The second argument seems sound, but from the first argument I am worried that I am missing some basic understanding that may come back to bite me. I would appreciate any suggestions as to what I am missing.
Thanks in advance
$\newcommand{\QQ}{\mathbb{Q}}$ Your confusion stems from the fact that your $\sigma$ is an automorphism of $L$, and if $K$ is not a subfield of $L$, then you can't ask if $\sigma$ fixes $K$. If you instead consider a lift of $\sigma$ to an automorphism of say $KL$, then the answer may be yes or no, depending on your choice of lift. As you say in your "second argument", taking any nontrivial $\tau\in\text{Gal}(L/L\cap K)$, the automorphism $(\text{id},\tau)$ is a lift of $\tau$ that fixes all of $K$. However, if $\rho$ is any automorphism of $K/L\cap K$, then $(\rho,\tau)$ is also a lift of $\tau$, which does not fix all of $K$.

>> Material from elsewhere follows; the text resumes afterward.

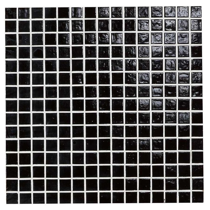 Het glinsterende effect dat de glaspasta geeft, is prachtig op deze voorbeelden van glanzend zwarte mozaïektegels.

Edit: For example, consider $F = \QQ, K = \QQ(\sqrt{2},\sqrt{3})$, $L = \QQ(\sqrt{2},\sqrt{5})$, then any automorphism of $KL = \QQ(\sqrt{2},\sqrt{3},\sqrt{5})$ is determined by how it acts on each of the three generators. For each one it can either fix it, or negate it, so you can easily see that the structure of the galois group of $KL/F$ is just $(\mathbb{Z}/2\mathbb{Z})^3$
In this situation $K\cap L = \QQ(\sqrt{2})$. You can consider the automorphism of $L$ sending $\sqrt{2}\mapsto\sqrt{2}, \sqrt{5}\mapsto-\sqrt{5}$. Lifting this to an automorphism of $KL$ is the same as choosing whether to send $\sqrt{3}$ to $\sqrt{3}$ or to $-\sqrt{3}$. This of course affects whether the lift acts trivially on $K$.